Enfrentar o medo de forma gradual
Evitar situações e eventos sociais foi um reforço para muitos com o confinamento, garante Ana Paula Trindade. “Por isso, há todo um trabalho a fazer agora, como aprender a controlar os sintomas físicos da ansiedade, aprender a modificar os pensamentos negativos que a provocam em situações sociais e enfrentar os medos de uma maneira gradual e sistemática”, esclarece a psicóloga.
“Não há outra forma de vencer uma fobia que não seja através do confronto com a situação que gera esse medo”, concorda Andrea Moniz. Por isso, as pessoas que se sentem ansiosas negativamente pelo regresso à vida social devem ir fazendo uma aproximação progressiva com os outros. “Primeiro com quem estão mais à vontade, com um grupo mais pequeno de pessoas, até se sentirem confortáveis para começarem a estar durante mais tempo com mais pessoas”, explica a psicóloga. O plano de desconfinamento atual é um facilitador deste regresso gradual às atividades sociais, porque não permite, inicialmente, encontros em grandes grupos.
Relativamente aos compromissos profissionais, a solução passa por enfrentar o medo no momento e tentar dominá-lo – porque não há, muitas vezes, hipótese de escolha-, não deixando que o contrário aconteça. Andrea Moniz fala da crise pós-férias, que acontece quando se regressa ao trabalho depois de uns dias ou semanas de lazer. “Mas esta situação é muito pior, porque não são apenas 15 dias ou três semanas. Mesmo que estejamos em teletrabalho e que possamos ir à empresa de vez em quando, pode haver um sentimento de desadequação, de medo de já não saber estar e falar”, explica a psicóloga.
É importante, dizem as especialistas, transformar os pensamentos de ansiedade em pensamentos de coragem, de uma forma consciente e trabalhada, antecipando os momentos prazerosos depois de a ansiedade passar e se perceber que o que custa são os primeiros dias. “Com o tempo e com o regresso das rotinas, estes sentimentos de ansiedade vão-se desvanecendo e a vida começa a normalizar, apesar de ainda ser cedo para prever o que vai acontecer”, refere Andrea Moniz.
“O confinamento foi um escudo perfeito para as pessoas se refugiarem no seu quartel de solidão”
O confinamento tornou-nos, afinal, seres menos sociais? Para Ana Paula Trindade, a resposta é não, já que o ser humano tem “uma necessidade básica de contacto e trocas afectivas”.” Essa necessidade não se perdeu e, em alguns casos, terá aumentado”, explica a psicóloga, referindo que o desejo de abraçar, beijar e tocar permaneceu, de modo geral, intacto.

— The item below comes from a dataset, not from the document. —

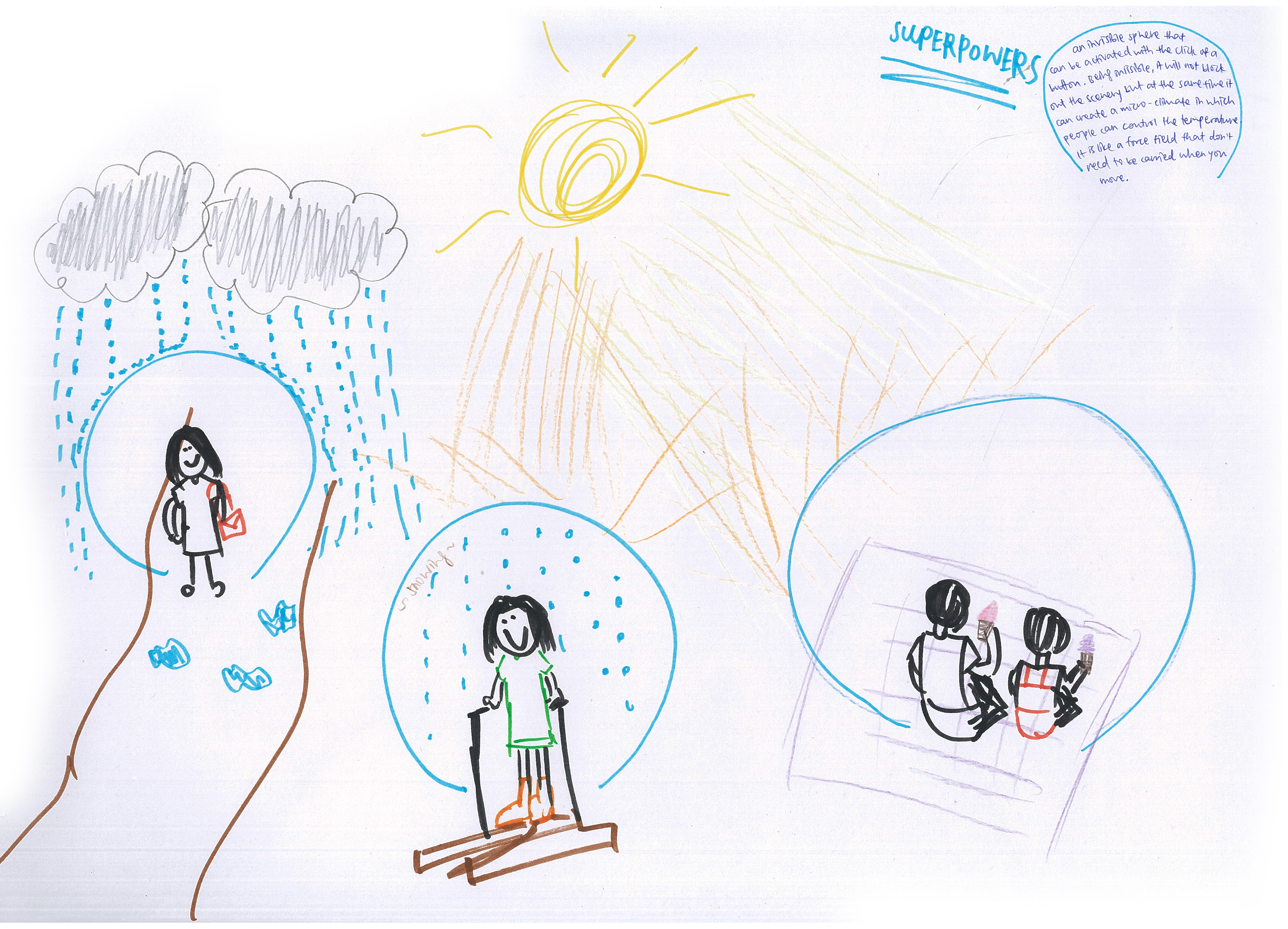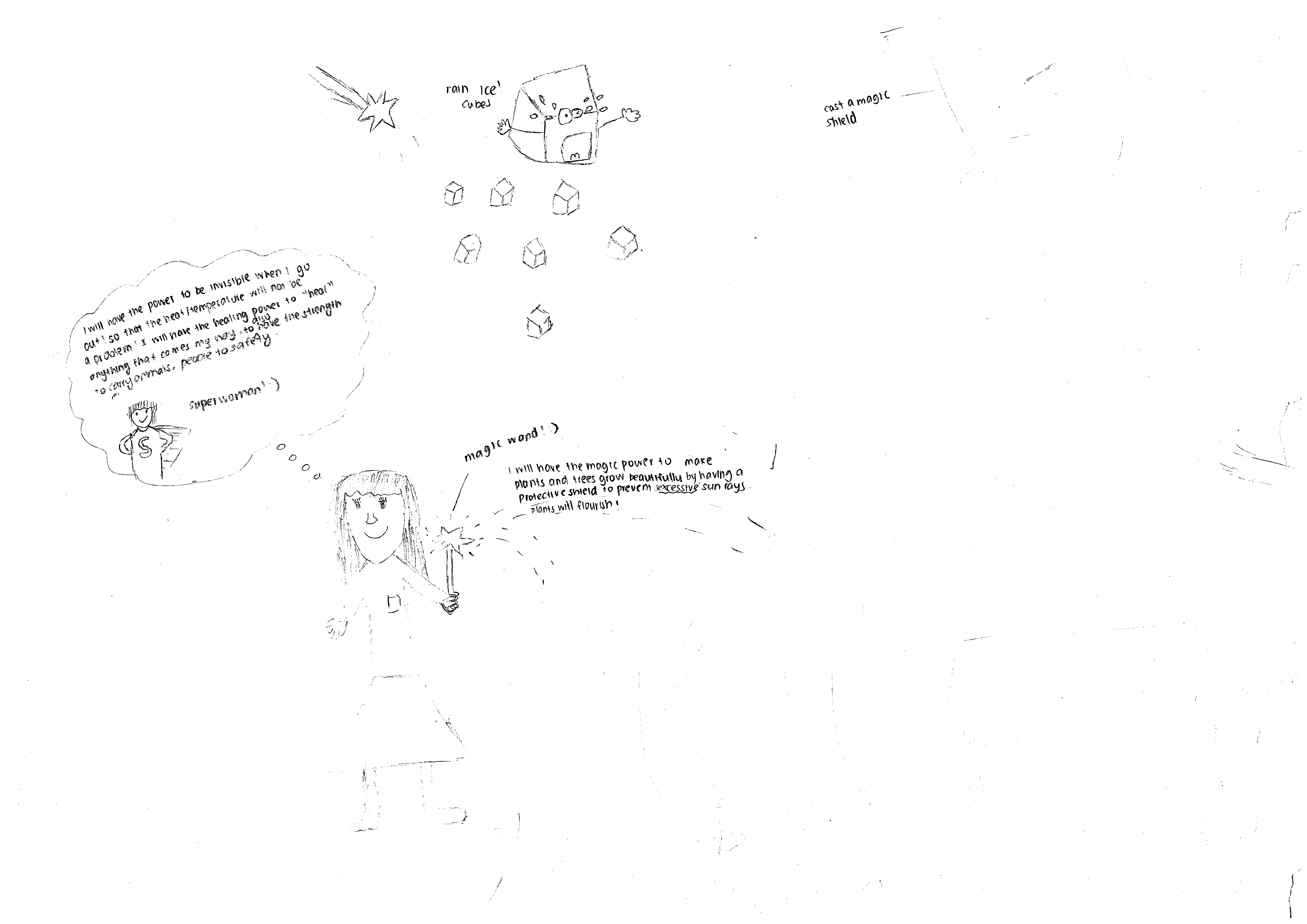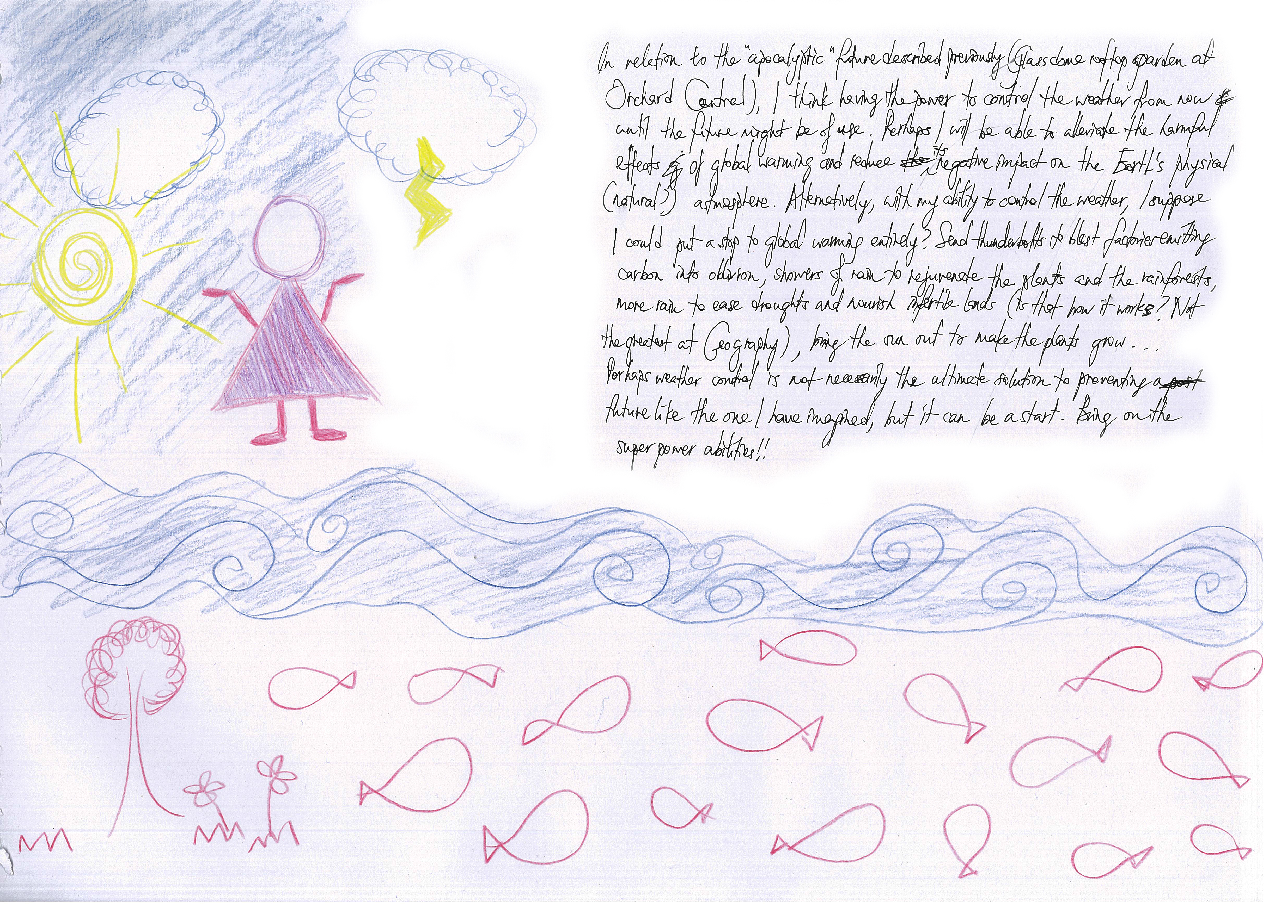 “…I think having the power to control the weather from now until the future might be of use. Perhaps I will be able to alleviate the harmful effects of global warming and reduce its negative impact on the Earth’s physical (natural?) atmosphere. Alternatively, with my ability to control the weather, I suppose I could put a stop to global warming entirely? Send thunderbolts to blast factories emitting carbon into oblivion, showers of rain to rejuvenate the plants and the rainforests, more rain to ease droughts and nourish infertile lands … bring the sun out to make the plants grow… Perhaps weather control is not necessarily the ultimate solution to preventing a future like the one I have imagined, but it can be a start. Bring on the superpower abilities!” —Rachel Lee

Para quem é naturalmente sociável e gosta de conviver, não perdeu competência nenhuma a este nível, pelo contrário, concorda Andrea Moniz. “Estas pessoas estão ávidas de voltarem à vida social que tinham e sofrem precisamente pela solidão que lhes foi imposta pelo confinamento”, diz.
Contudo, esta vontade de socializar depende da personalidade de cada um, explica a psicóloga “. Para quem que já tinha problemas de socialização antes da pandemia, esta situação só veio agravá-los, porque estas pessoas são, geralmente, introvertidas e preferem a solidão e o isolamento ao convívio e à relação com os outros”, explica a especialista.
O confinamento tornou-se a “desculpa perfeita” para este tipo de pessoas passar a ter a vida social que sempre ambicionou, mas que não conseguia alcançar devido às obrigações do dia-a-dia. “Antes, tinham de contrariar a sua natureza introvertida e, com a pandemia, isso deixou de acontecer. “O confinamento foi um escudo perfeito para as pessoas se refugiarem no seu quartel de solidão, onde se sentem seguras, mas também profundamente sós”, esclarece a psicóloga, referindo que essa forma de vida não traz felicidade e, muito menos, saúde mental.